Oregon Company Trying to Convince Black Women to Sell Their Breast Milk, Targeting Women in Detroit

Oregon-based company Medolac is offering Black Women money for their breast milk.

Medolac, a company that provides milk, along with the Clinton Global Initiative, is claiming that its initiative of buying more breast milk from Black women is an effort to “seek to increase breast-feeding rates among urban African-American women” and promote “healthy behavior and prolonged breast-feeding within their communities.”

African-American women are historically less likely to breastfeed their children. In 2010, 62 percent of African American babies began breastfeeding at birth, compared to 79 percent of white newborns, according to reports from the CDC. Six months later, only 36 percent of the black infants followed were still being breastfed compared to the 52 percent of white children who were still breastfed.

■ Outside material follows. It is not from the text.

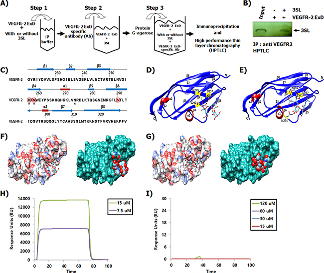 Figure 4: Binding of 3SL to the ExD of VEGFR-2. (A) Schematic presentation of the experimental procedure demonstrating the binding between sialyllactose and the extracellular domain of VEGFR-2. (B) Sialyllactose bound to the ExD of VEGFR-2 and the complex was immunoprecipitated using a VEGFR-2 specific antibody. After washing, sialyllactose was released and analyzed by HPTLC. Lane 1 indicates that the HPTLC loaded with SL as a loading control is developed with a resorcinol-hydrochloric acid reagent. (C) Sequence alignment and the secondary structure of the VEGFR-2 third IgG-like domain are shown. Secondary structure elements are indicated with the arrow (β-sheets) and rectangle (α-helix). The linker loops are shown as gray lines. Every ten residues are indicated by a bar. The interaction residues of 3SL and sialyl N-actetyllactosamine are indicated by red boxes and black stars, respectively. (D-E) Ribbon representations of the VEGFR-2 structure with 3SL or sialyl N-actetyllactosamine are shown. (F) Surface diagrams of VEGFR-2 with 3SL bound at the pocket (left: stick model, right: space filling shaped). Carbon atoms in gray, oxygen atoms in red, nitrogen atoms in blue, and sulfur atom in gold are shown. (G) Surface representation of VEGFR-2 with sialyl N-actetyllactosamine is shown. The interaction of (H) 3SL and (I) 3-sialyl N-actetyllactosamine with the 2-3 Ig-like domain of VEGFR-2 was measured using the Biocore assay.

The company is starting a campaign to raise participation in the Mothers Milk Cooperative, which is the only milk bank owned and operated by nursing mothers. The Mothers Milk Cooperative pays its members who have completed the screening process and blood testing $1 an ounce for their milk. The milk is then given to Medolac, which processes the milk and sells it to hospitals for about $7 an ounce, which is a 600 percent markup, according to The New York Times.

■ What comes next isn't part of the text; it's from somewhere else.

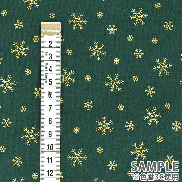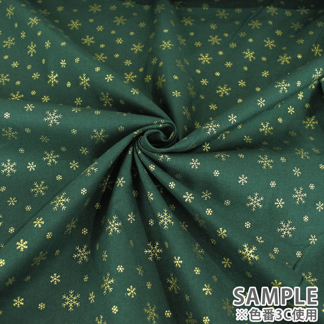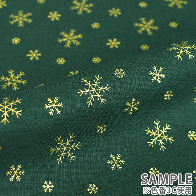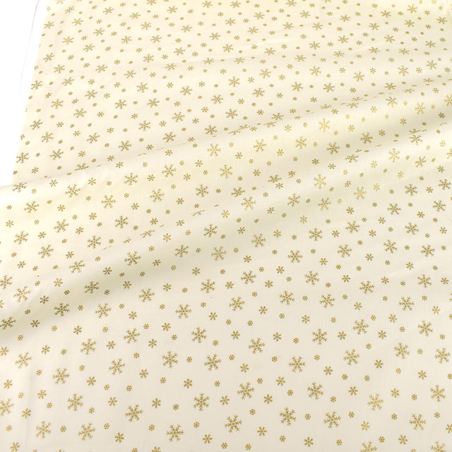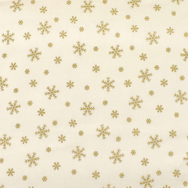 雪の結晶がゴールドの箔でプリントされた、クリスマスにぴったりのスケア生地です。

Allowing women to make money from their breast milk seems all well and good, but why is Melodac targeting Detroit, an area that has the lowest breast-feeding rates for Black women in country?

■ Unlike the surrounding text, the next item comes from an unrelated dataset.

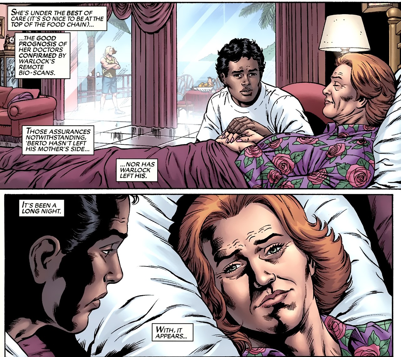 Once the Nazi's are taken care of, they get Sunspot's mother some needed medical treatment. Since Sunspot's family is rich and all, even by non-Brazilian standards, she gets the kind of care only Dick Cheney would enjoy in a lopsided health care system. She gets a clean bill of health, much to Sunspot's relief. While she's recovering, she makes the connections between this event and what happened in the previous issue.

“Targeting low-income Detroit women with the lure of climbing out of poverty by selling their surplus milk raises many ethical questions,” writes Kimberly Seals Allers in the New York Times. “It’s one thing to commodify mother’s milk, but to try to commodify a group of women — specifically black women, who already have a difficult history with breast-feeding — seems, a bit, well, sour. It’s all too easy to imagine how Medolac’s plans could become a part of a continuing racial and economic divide in Detroit and nationwide rather than part of the solution.”

Founder of Medolac, Elena Medo, claims that this initiative will increase the likelihood that Black women will breastfeed their own children because “it just makes sense,” she said in a recent interview.

Whether this is proven to be true—or whether the initiative simply makes money for Medolac—remains to be seen.